Heart, Beating in the Dark – New Version
- Year
- 2005
- Original title
- Yamiutsu Shinzo
- Japanese title
- 闇打つ心臓
- Director
- Cast
- Running time
- 104 minutes
- Published
- 23 June 2006
by Tom Mes
Why Shunichi Nagasaki has never known wider international acclaim is at once a mystery and perfectly understandable. In his ability to probe the darkest recesses of our most human hearts, he is the equal of any filmmaker - perhaps even any artist - active today. So good is he, in fact, that he makes it seem stupendously easy to deliver the kind of insights he does: one is never shocked when coming out of a Nagasaki film, not because his films are uninteresting but because he doesn't need to underline his point. As a chronicler of the most painful side effects of human relationships he is in no way inferior to an Alejandro Gonzales Inarritu and certainly superior to a Paul Thomas Anderson. But since his films are rarely three hours in length, don't feature dogfights, tattooed criminals, and sobbing superstars, and aren't told as cleverly interweaving, multi-vignetted, Altman-esque narratives, he goes unnoticed by the international film establishment.
Though he regularly dabbles in genre - he has horror, film noir, and biker movies to his name - Nagasaki has also never been embraced in cult film circles, ironically for the very same reason: he treats genre with the same laidback virtuosity as the drama. When lined up alongside such colleagues as Kiyoshi Kurosawa, Takashi Miike, and Sogo Ishii, in the eyes of a programmer for a fantastic film festival or a DVD distributor relying on shocks and flash as marketing tools, Nagasaki will seem too subdued, too reluctant to wholeheartedly embrace genre. To them he will seem neither fish nor flesh. But if the film world were to apply the kind of criteria that culinary critics employ, Nagasaki would have long been in the three-star category, praised for the rare and subtle refinement of his cooking.
Heart, Beating in the Dark - New Version is unlikely to bring any change to the situation. It is the most challenging film to come out of Japan this year. Too challenging perhaps for any red carpet event (though much respect goes to the Rotterdam Film Festival, which had the balls to show it to a crowd of tuxedoed businessmen during its gala opening in early 2006, the year it paid tribute to the director with a thirteen-film retrospective). It is also not a genre film, even though it plays with motifs of ghosts and parallel dimensions. What haunt its four main characters are the deeds of the past and the prospects of the future. Indeed, the entire film is imprinted with these contemplations, which occupy the writer/director as much as his characters.

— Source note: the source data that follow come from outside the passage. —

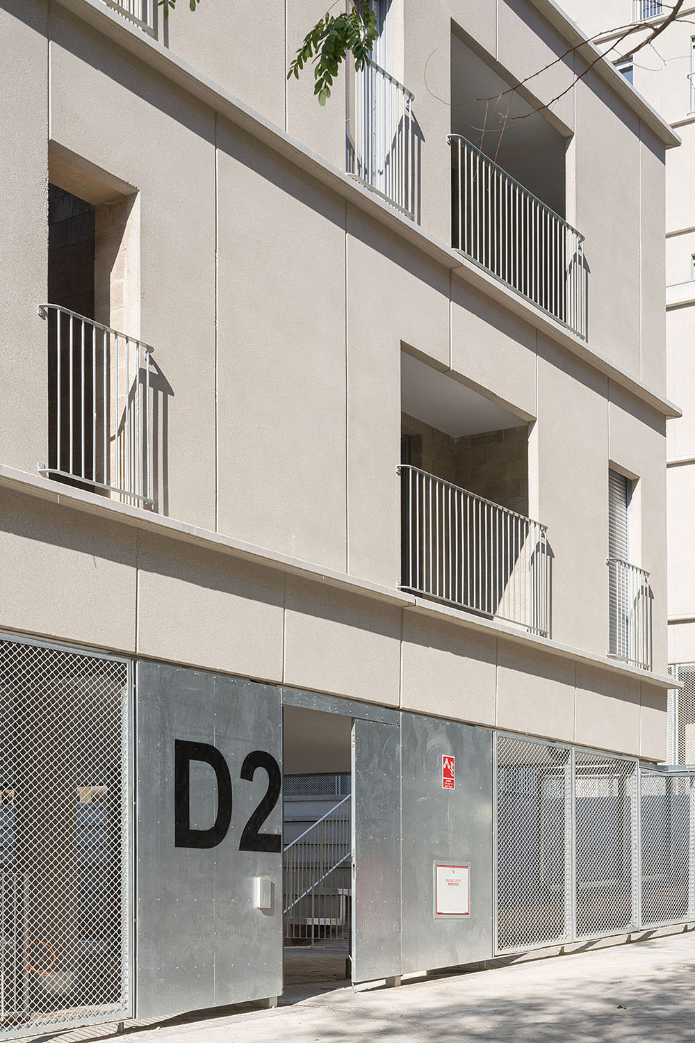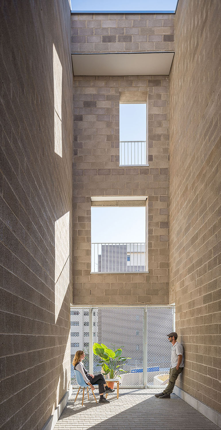 TAAs. Javier García-Germán, Alia García-Germán Calle de la Corona, 11-17 y Calle del Dinero, 20-22, MadridEl proyecto se encuentra en una zona de nuevo ensanche en el suroeste de Madrid, y está ubicado junto a grandes vacíos urbanos que contrarrestan el efecto isla de calor urbano de la ciudad en verano. Está conformado por dos piezas de tres plantas que miran al sur, y en su interior se encuentran tres plazas bien soleadas conectadas por un graderío, que constituyen los accesos al edificio desde la calle. Un basamento de tres plantas se adapta a la geometría del solar y se cierra a las calles circundantes para dar privacidad a las plazas interiores, pero se abre en lugares singulares para dar continuidad a la trama urbana.
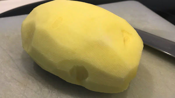 Pela las patatas, repásalas con una puntilla, enjuágalas en agua y una vez límpias, sécalas.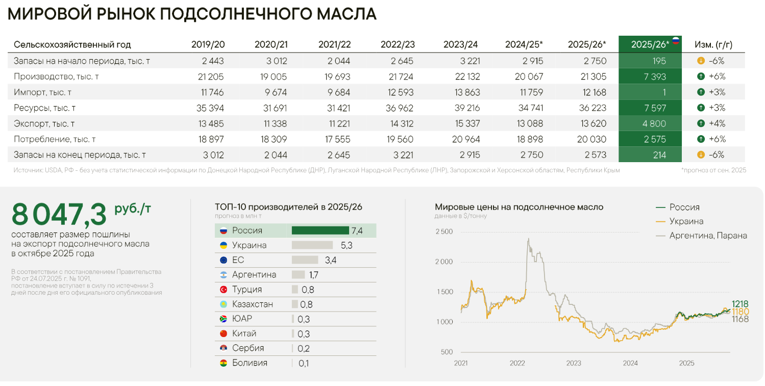 В краткосрочной перспективе цены на подсолнечное масло могут оставаться на повышенном уровне. Для внутреннего рынка это ограничивает потенциал снижения цен на подсолнечник нового урожая.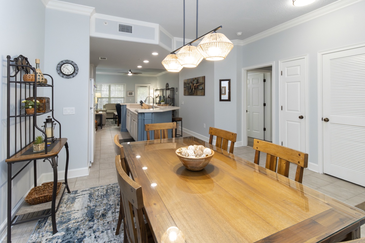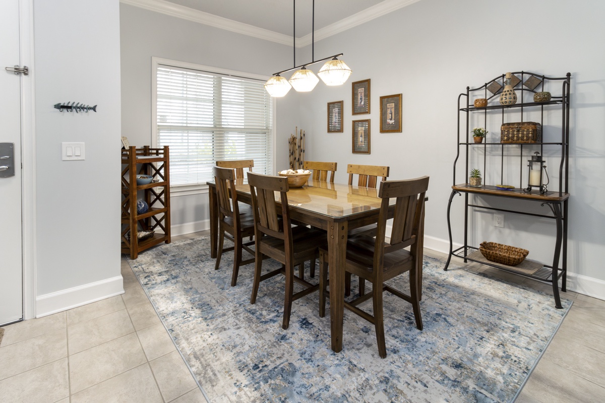 You'll love the rustic wooden dining table in the formal dining area, which can seat up to six people. The kitchen is fully equipped with all the appliances you need to whip up some delicious meals during your stay. And if you need to do some laundry, there's a convenient washer/dryer in a nearby closet.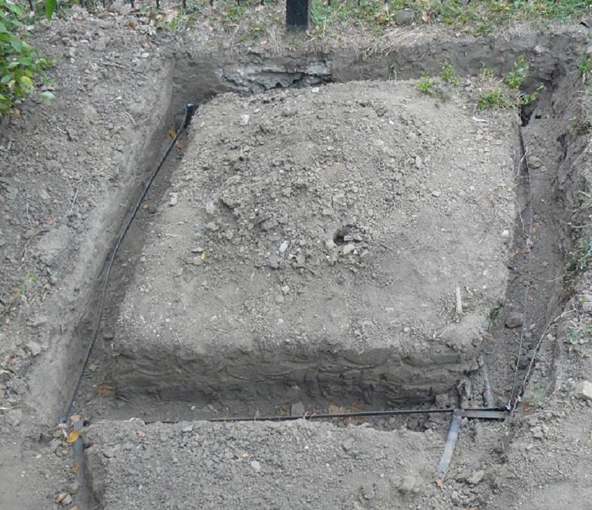 Также стоит дополнительно прокопать траншею такой же глубины для подвода полосы к зданию и выводу ее на фасад.

Let's step back twenty-five years in time. After a prolonged, even protracted, stay in hospital as a result of a serious accident on the set of his biker film The Lonely Hearts Club Band in September, Shunichi Nagasaki returns to filmmaking a changed man. Abandoning his old attempts at imitating the action films of the 1960 and 70s that influenced his choice of career, he makes a series of quickly made medium-length films in which he reflects on his position as a filmmaker who has outgrown a kind of cinematic adolescence and who realises he has no option but to move forward into an uncertain maturity. The main creation of this period - before returning to, and drastically transforming, his unfinished biker movie - is a 75-minute film shot on 8mm, about a couple that take it on the lam after the murdering their child. Considered by some as one of the best Japanese films of its decade, Heart, Beating in the Dark (1982) is brooding, sweaty, claustrophobic, and experimental, its protagonists' predicament a reflection of the insecurities about the future that its director was then feeling. Along with Lonely Hearts Club, it witnessed the definitive arrival of one of the main voices of the 8mm movement that transformed Japanese cinema in the late 70s / early 80s. As such, yes, it is without doubt among the most important films of its decade.
This new version is neither a remake nor a sequel. It is both those things, and at the same time it is also a documentary, a portrait of the consequences of passing time, and an occasionally very funny reflection on what the hell the point is of all this filmmaking business anyway. Shigeru Muroi and Takashi Naito, back then young hopefuls willing to take chances, now among the most established and recognisable actors in Japan, return to play the roles they assumed in the 1982 film, each of their characters having gone their own way. Alongside, another young couple (Honda and the ever-brilliant Eguchi) find themselves in the exact same situation as their older counterparts 25 years earlier. Their paths cross, an opportunity arises: for the elder two to redeem part of their own lives, for the younger couple to find a helping hand in their darkest hour.
Though it sounds like a straightforward enough story, Nagasaki also seizes his opportunity. To deconstruct, to look back, to contemplate. The result is not flashy, not headline-grabbing. But its audacity is unmatched. Its greatness perhaps also.